3.   SOLICITATION ACTIVITIES

     a.   REPRESENTATIVES. No Representative shall solicit the sale of a Fund
          unless at the time of such solicitation such individual is duly
          registered with the NASD and duly licensed with all applicable state
          securities regulatory authorities.

     b.   SOLICITATION ACTIVITIES. All solicitation and sales activities engaged
          in by Distributor and its Representatives with respect to the Funds
          shall be in compliance with all applicable federal and state
          securities laws and regulations, as well as all compliance manuals
          provided by the Distributor. In particular, without limiting the
          generality of the foregoing:

          (1)  Distributor shall train, supervise and be solely responsible for
               the conduct of Representatives in their solicitation of
               Applications and in their distribution of the Funds, and shall
               supervise their compliance with, applicable rules and regulations
               of any securities regulatory agencies that have jurisdiction over
               the Trust's or the Distributor's securities activities.

          (2)  Neither Distributor nor any Representative shall offer, attempt
               to offer, or solicit Applications for Funds in any state or other
               jurisdiction unless the Trust has notified Distributor that such
               Funds may lawfully be sold or offered for sale in such state, and
               has not subsequently revised such notice.

          (3)  Neither Distributor nor any Representative shall give any
               information or make any representation in regard to any Fund in
               connection with the offer or sale of such Fund that is not in
               accordance with the Prospectus for such Fund, or in the
               then-currently effective prospectus or statement of additional
               information for a Fund, or in current advertising materials for
               such Fund.

                                       -4-
<PAGE>


          (4)  All Fund purchase payments made by check or money order that are
               collected by Distributor or any of its Representatives shall be
               remitted promptly, and in any event within one business days
               after receipt in full, together with any Applications, forms and
               any other required documentation, to the transfer agent of the
               Trust. Checks or money orders in payment of Fund purchases shall
               be drawn to the order of "State Farm Mutual Funds." If any Fund
               purchase payment is held at any time by Distributor, Distributor
               shall hold such payment as an agent of the Trust and such payment
               shall be remitted promptly, and in any event within one business
               days, to the transfer agent of the Trust. Distributor
               acknowledges that all such Fund purchase payments, whether by
               check, money order or wire, shall be the property of the Trust.
               Distributor acknowledges that the Trust shall have the
               unconditional right to reject, in whole or in part, any
               Application or Fund purchase payment.

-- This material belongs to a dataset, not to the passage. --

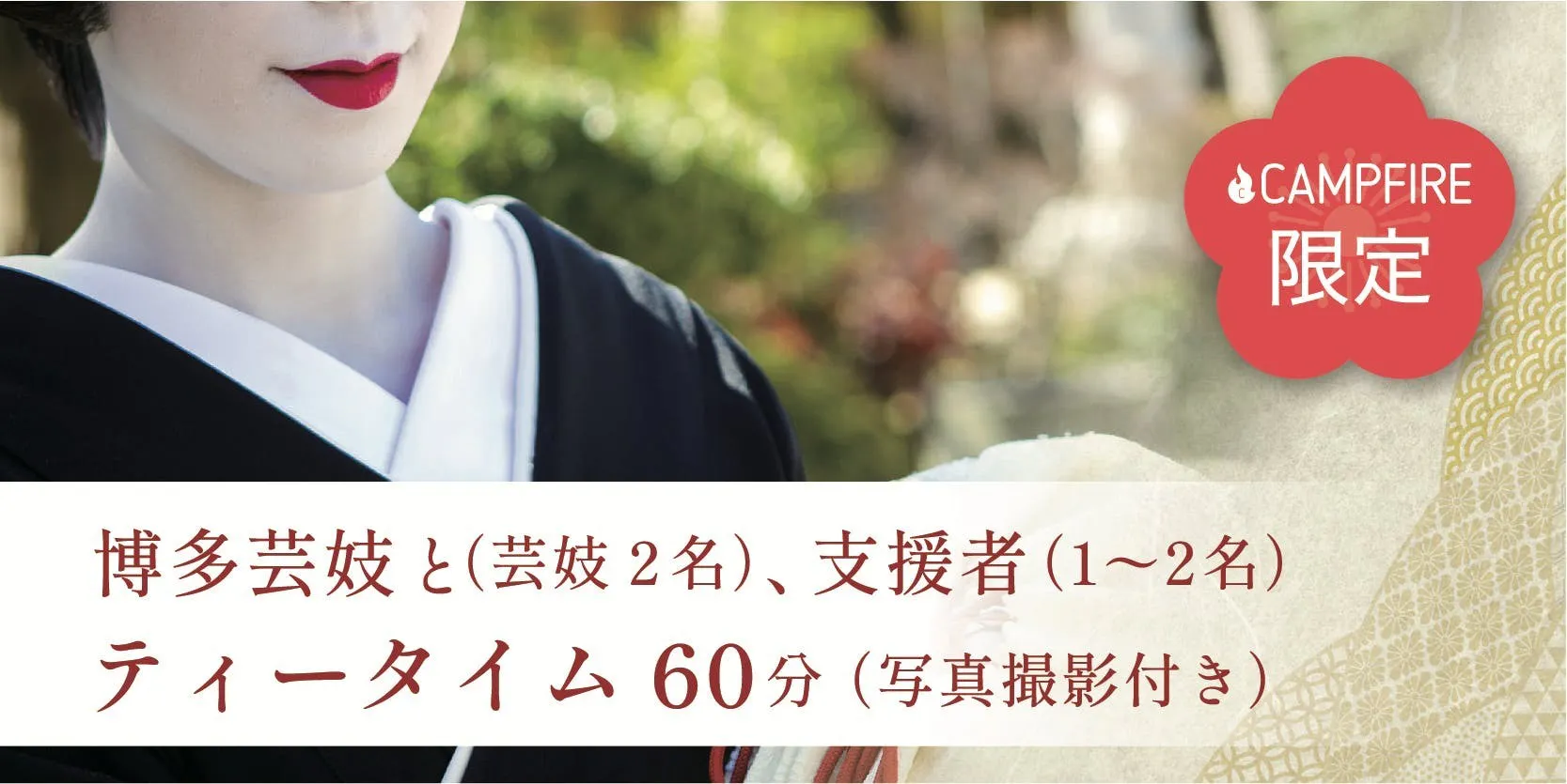 300,000円 博多芸妓と(芸妓2名)、支援者(1~2名)ティータイム60分(写真撮影付)

     c.   SUITABILITY. The Trust and Distributor wish to ensure that the Funds
          sold by Distributor will be issued to purchasers for whom the Funds
          are suitable. Distributor shall require that the Representatives have
          reasonable grounds to believe that a recommendation to an applicant to
          purchase a Fund is suitable for that applicant. Distributor shall
          review all Applications for suitability in accordance with Rule 2310
          of the NASD Conduct Rules and interpretations and guidance relating
          thereto. Distributor will review all applications under the
          suitability standards set forth in its compliance and operational
          manuals. While not limited to the following, a determination of
          suitability shall be based on information furnished to a
          Representative after reasonable inquiry of the applicant concerning
          his or her financial status, retirement needs, reasons for purchasing
          a Fund, investment sophistication and experience, other securities
          holdings, investment objectives (including risk tolerance), investment
          time horizon and tax status.

     d.   REPRESENTATIONS AND WARRANTIES OF DISTRIBUTOR. Distributor represents
          and warrants to the Trust that Distributor is and during the term of
          this Agreement shall remain registered as a broker-dealer under the
          1934 Act, admitted as a member with the NASD, and duly registered
          under applicable state securities laws, and that Distributor is and
          shall remain during the term of this Agreement in compliance with
          Section 9(a) of the 1940 Act.

4.   MARKETING MATERIALS

                                       -5-
<PAGE>


     a.   PREPARATION AND FILING. The Trust and Distributor shall together
          design and develop all promotional, sales and advertising material
          relating to the Funds and any other marketing-related documents for
          use in the sale of the Funds, subject to review and approval by
          Distributor of such material and documents in accordance with Section
          2210 of the NASD Conduct Rules. Distributor shall be responsible for
          filing such material with the NASD. The Trust shall be responsible for
          preparing the Prospectuses and Registration Statements and filing them
          with the SEC and state regulatory authorities, to the extent required.
          The parties shall notify each other expeditiously of any comments
          provided by the SEC, NASD or any securities regulatory authority on
          such material, and will cooperate expeditiously in resolving and
          implementing any comments, as applicable.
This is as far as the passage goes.